The script needs to loop twice through very large datasets (one while reading and creating the hashes, and once again when reading the hashes and performing the insertions). This makes the process' performance rather poor.
You're not showing how you create the data, besides this assignment.
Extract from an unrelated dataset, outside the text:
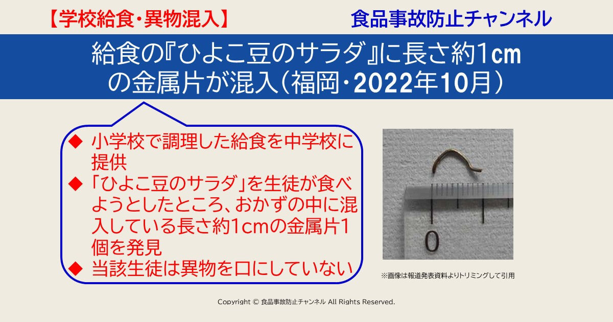 給食のパンに金属片が混入・金属探知機で異物に気づくも誤って納品 滋賀・2022年2月食品事故防止チャンネル 食品表示・食品衛生・学校給食・異物 混入・危機管理・企業研修。

$new{$id}{gene_name} = $id;
$new{$id}{gene_database_source} = $gene_database_source
$new{$id}{product} = $product;
If that's all there is to it, nothing is stopping you from using the approach I've shown above directly where you're processing the data the first time and building the hash. The following code is incomplete, because you're not telling us where the data is coming from, but you should get the gist.
eval {
my $guard = $schema->txn_scope_guard;
# we use this to collect rows to process
my @rows;
# this is where your data comes in
while ( my $foo = <DATA> ) {
# here you process the data and come up with your variables
my ( $id, $gene_database_source, $product, $sequence, $seqlength,
$digest, $mw, $iep, $tms );
# collect the row so we can insert it later
push(
@rows,
[
$id, $gene_database_source, $product, $sequence, $seqlength,
$digest, $mw, $iep, $tms,
]
);
# only insert if we reached the limit
if ( scalar @rows == 1000 ) {
$schema->resultset('Genes')->populate(
[
[
qw(
gene_name gene_product sequence
gene_protein_length digest gene_isoelectric_point
gene_molecular_weight gene_tmd_count gene_species
species_code user_id gene_database_source
)
],
\@rows,
],
);
# empty the list of values
@rows = ();
}
}
$guard->commit;
}
Essentially we collect up to 1000 rows directly as array references while we process them, and when we've reached the limit, we pass them to the database. We then reset our row array and start over. Again, all of this is wrapped in a transaction, so it will only be committed if all the inserts are fine.
There is more information on transactions in DBIC in the cookbook.
Please note that I have not tested any of this code.